Customer Rating: 




Summary: Great beer porn
Comment: Protz is well-known as a beer man and writes well - if a little predictably (I seem to have read some of this before in some of his other, many, tomes). But the pictures are fabulous and if you're a beer bore, a ticker or just fanatical about real ale, you'll love this on your coffee table, to make you yearn for a decent pint (or bottle) rather than the usual rubbish down the local.
However I do think there are better recent beer books - for instance Adrian Tierney-Jones' Big Book of Beer - produced also by CAMRA - is pretty damn excellent and very informative (I learned lots of new stuff from it). Also Pete Brown's Three Sheets to the Wind for one man's obsessive hunt for beer around the world.
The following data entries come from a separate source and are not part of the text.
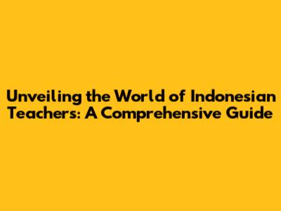 Unveiling The World Of Indonesian Teachers: A Comprehensive Guide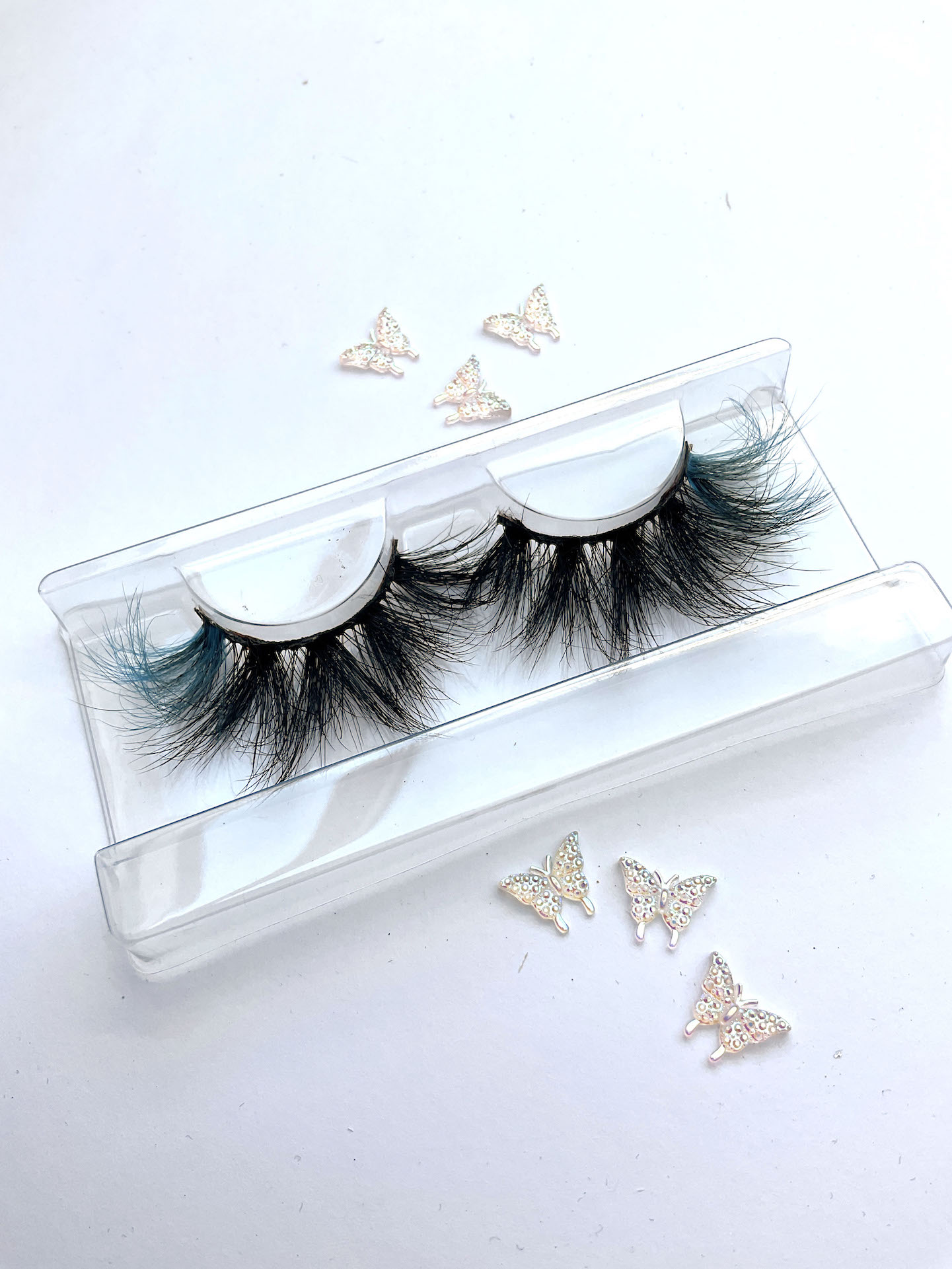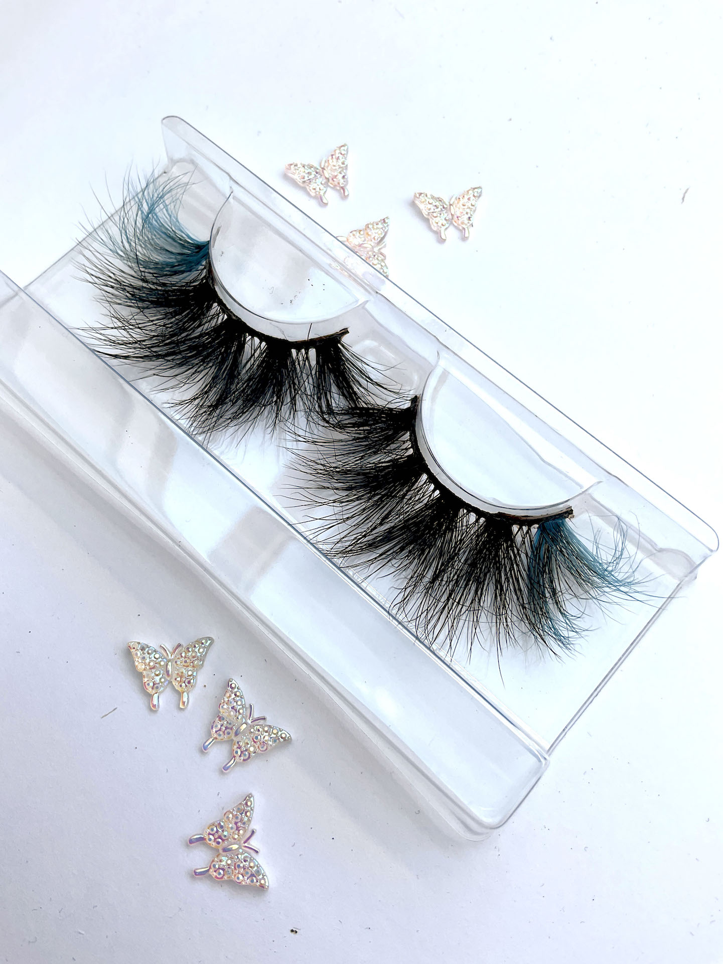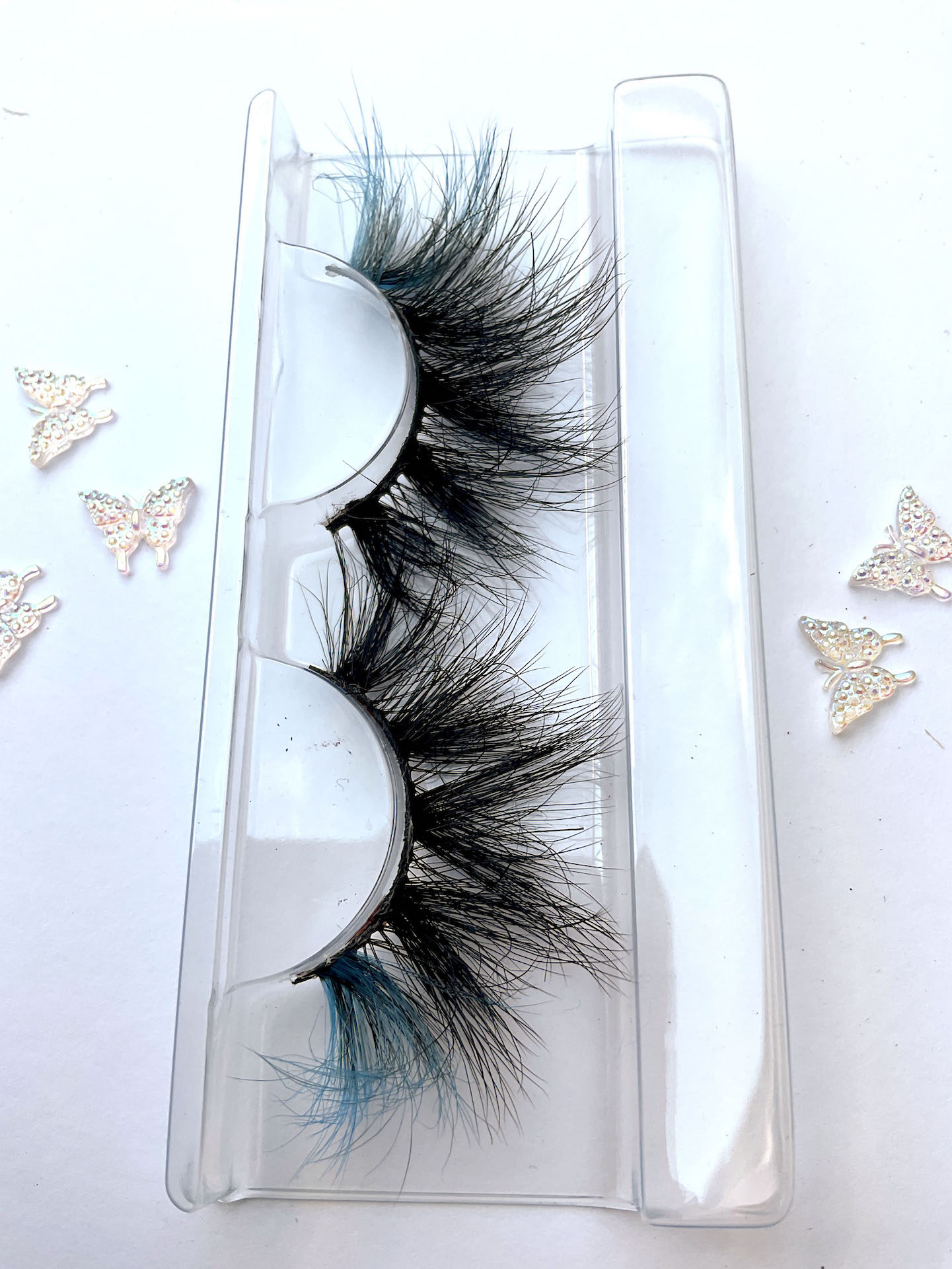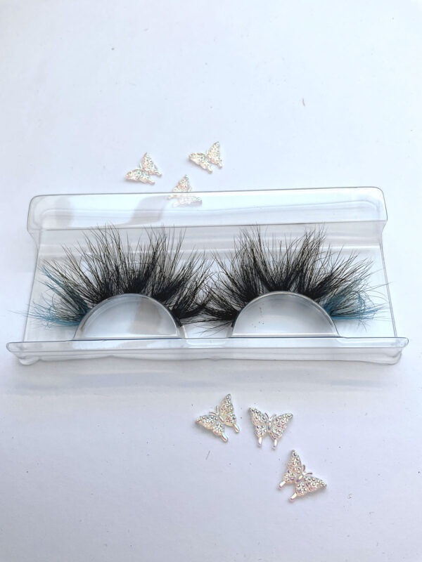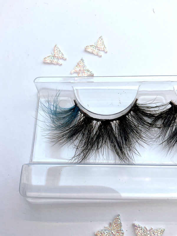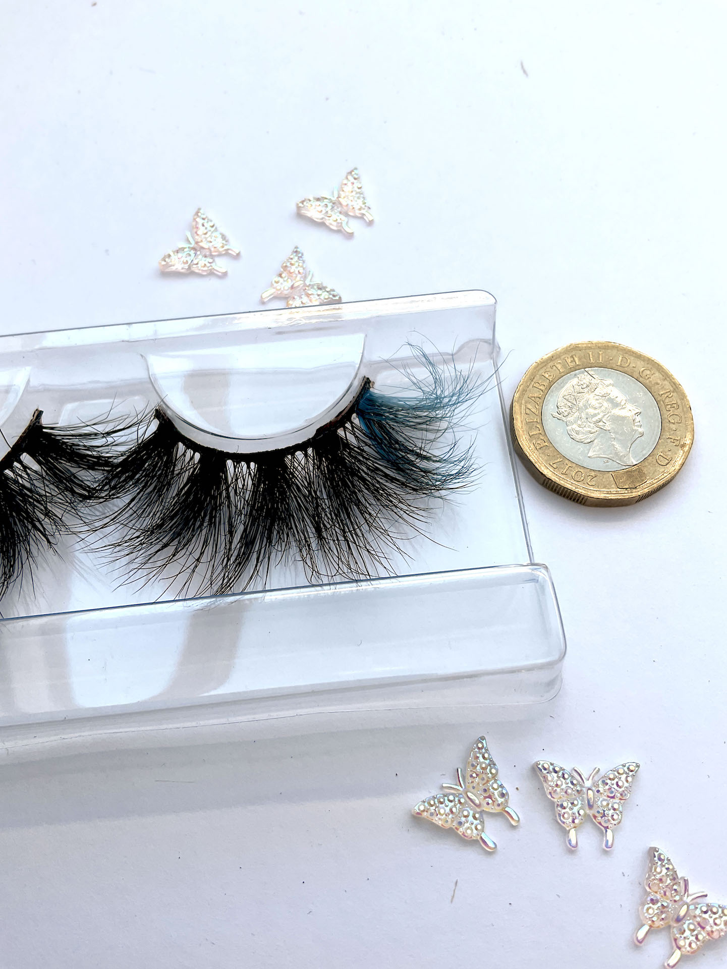 This is Skylar. She is one pair of fabulous 20-25mm false eyelashes, in black with a bright blue wing, the lash hairs make a fbushy an shape.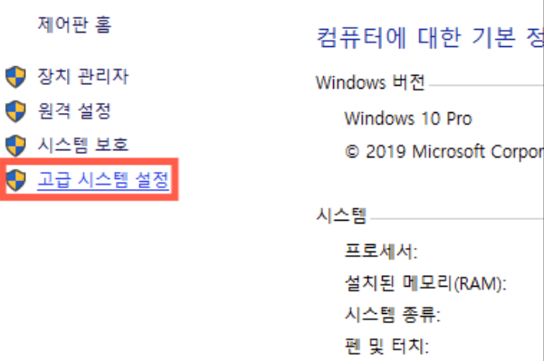 설정 창이 뜨면 좌측의 고급 시스템 설정을 선택합니다.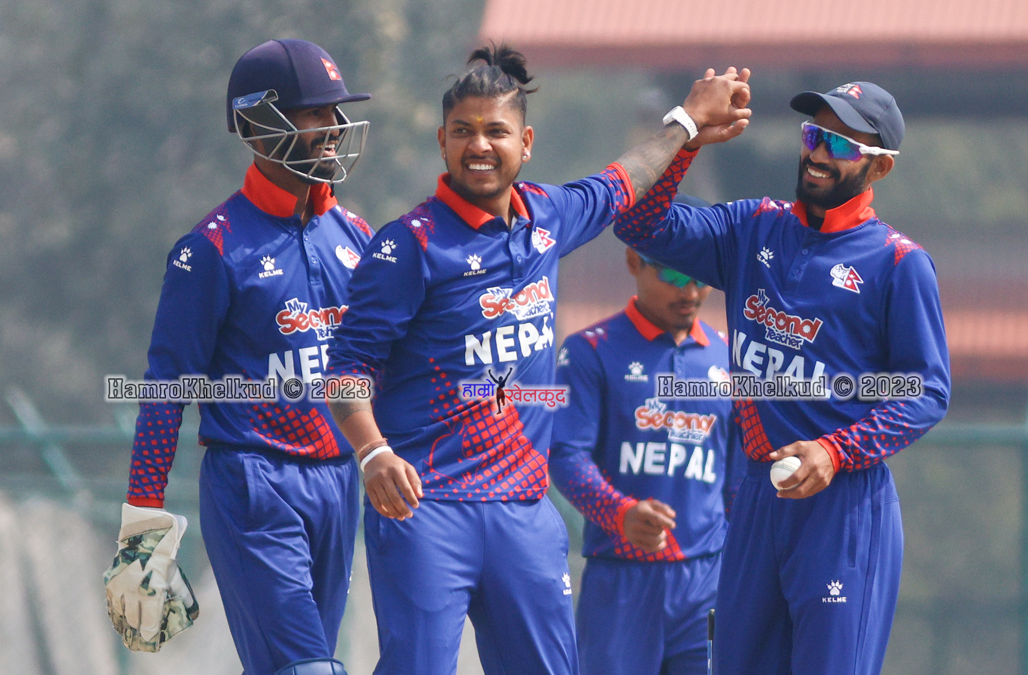 सन्दीपको २० औं ओभरको पहिलो बलमा ठूलो सट खेलेका कप्तान असद भाला डिप स्क्वायर लेगमा ललितनारायण राजवंशीबाट २० रनमा क्याच आउट भए । उनले ३१ बलमा २ चौका प्रहार गरे ।

So - this one's quite good, but there are better and more intersting books around on my favourite topic!
Customer Rating: 




Summary: If you drink REAL beer...
Comment: Like many people I have spent years willingly handing over good money for mass produced carbonated lager, often with no character or taste at all. More recently however, I have been trying more 'real' beer - both in pubs and by the bottle. I have come to love the taste and individuality of real ales, bitters, IPAs, Porters etc. The problem for me was where do you start? And, how do you know which of the literally hundreds of British beers will suit your tastes?This book has proved to be the solution to that problem for me. I picked it up after a beer festival where one of my local brewers was proudly showing off his entry and thoroughly recommended it is too.
The book is a veritable treasure trove of facts about these 300 beers which Protz has selected as his personal favourites. The beers are grouped into styles (of which there are many!) with each entry receiving a full page write-up. As well as a little background about the brewer and the qualities of the beer itself, there are helpful details on where to find the beer. Many of the beers are widely available in pubs or bottled in supermarkets whilst others from smaller brewers are regionally limited and a few downright scarce!
If you are happy with the standard chain-pub fizzy largers or the smoothflow branded bitters then this book is unlikley to hold your interest. However, if you are looking for more from your beer and have at least a passing interest in where it has come from, who made it and how, then this is a thoroughly recommended book! Cheers!!